Já não há mãos dadas no mundo

Elas agora viajarão sozinhas

Sem o fogo dos velhos contatos

Que ardia por dentro e dava coragem (...)  

O fogo dos velhos contatos, os esbarros no plano estético da criação entre as mãos que se aventuravam nas veredas de um encontro eternamente adiado, já não é mais possível e o abraço poético que lhe possibilitaria percorrer os caminhos do (ir)mão, os homens de todas as raças, desfaz-se na consciência resignada e aporética da solidão universal.Nas veredas diversas que o signo da mão percorre na poematica Drummoniana, das mãos desenlaçadas de sua primeira fase lírica, das mãos dadas na promessa de encontro no plano estético da criação, o gauche de Itabira assume a consciência da solidão universal como ultima tentativa de compreender o mundo e a sim mesmo, aceitar suas aporias, seus constantes impasses.

 

ANDRADE, Carlos Drummond.
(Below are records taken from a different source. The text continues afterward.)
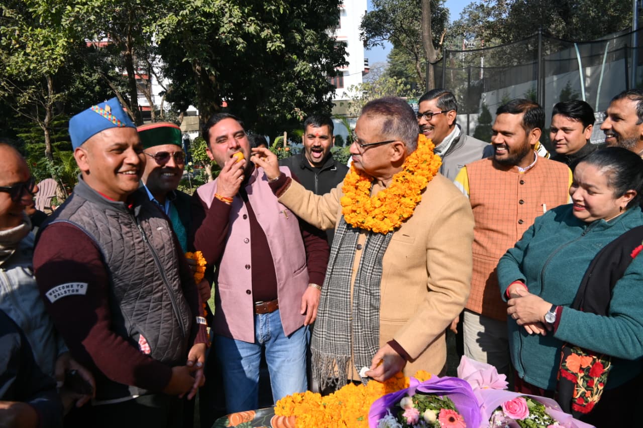 देहरादून, 16 जनवरी। सैनिक कल्याण मंत्री गणेश जोशी से आज उपनल कर्मचारी महासंघ के पदाधिकारियों ने उनके कैंप कार्यालय में भेंट कर 10 वर्ष की निरंतर सेवा पूर्ण करने वाले उपनल कर्मियों को समान कार्य–समान वेतन का लाभ दिए जाने पर आभार व्यक्त किया। सैनिक कल्याण मंत्री गणेश जोशी ने मिठाई खिलाकर पदाधिकारियों को बधाई एवं शुभकामनाएं भी दी।
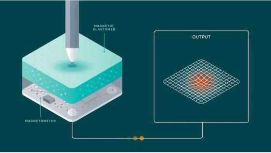 根據(jù)該出版物,當(dāng)這種材料變形時,它會導(dǎo)致其磁場發(fā)生變化,附近的磁力計可以察覺到這種變化。然后,系統(tǒng)使用基于人工智能的技術(shù)將這些數(shù)據(jù)解釋為相關(guān)信息,例如接觸位置和施加的力。
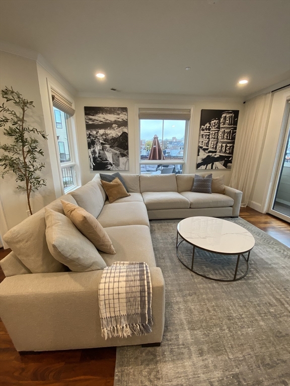 519 Broadway 201, Somerville, MA 1 Bed | 1 Bath | Corner Unit with Private Patio. Welcome to 519 on Broadway, Somerville’s newest luxury residential building offering modern design and exceptional amenities. This corner 1-bedroom, 1-bath home features a "chef’s kitchen" with waterfall quartz countertops, GE Café stainless steel smart appliances, custom cabinetry, a custom-built-in wine fridge, and hardwood floors throughout. Enjoy custom-installed electronic shades, a Juliette balcony, and a large private outdoor patio—perfect for entertaining or relaxing. The open-concept layout and floor-to-ceiling windows fill the space with natural light. Located directly across from historic Trum Field, this residence includes outdoor parking and access to five floors of sophisticated amenities, including: Skyview Observation Deck with a community kitchen and panoramic Boston skyline views, Fitness center, Coworking space, Private screening room, and private storage locker.

Reunião. Rio de Janeiro. 5 edição Ed. Jose Olympio.1973

CANDIDO, Antonio. Inquietudes na poesia de Drummond. In: Vários escritos. Sp. Duas Cidades, 1970. p-93-122

HOUAISS, Antonio. Drummond mais seis poetas e um problema. Imago editora LTDA. Rio de Janeiro. 1976

CHEVALIER, Jean. Dicionário de símbolos, crenças e costumes. Rio de Janeiro. Ed. Jose Olympio. 1982.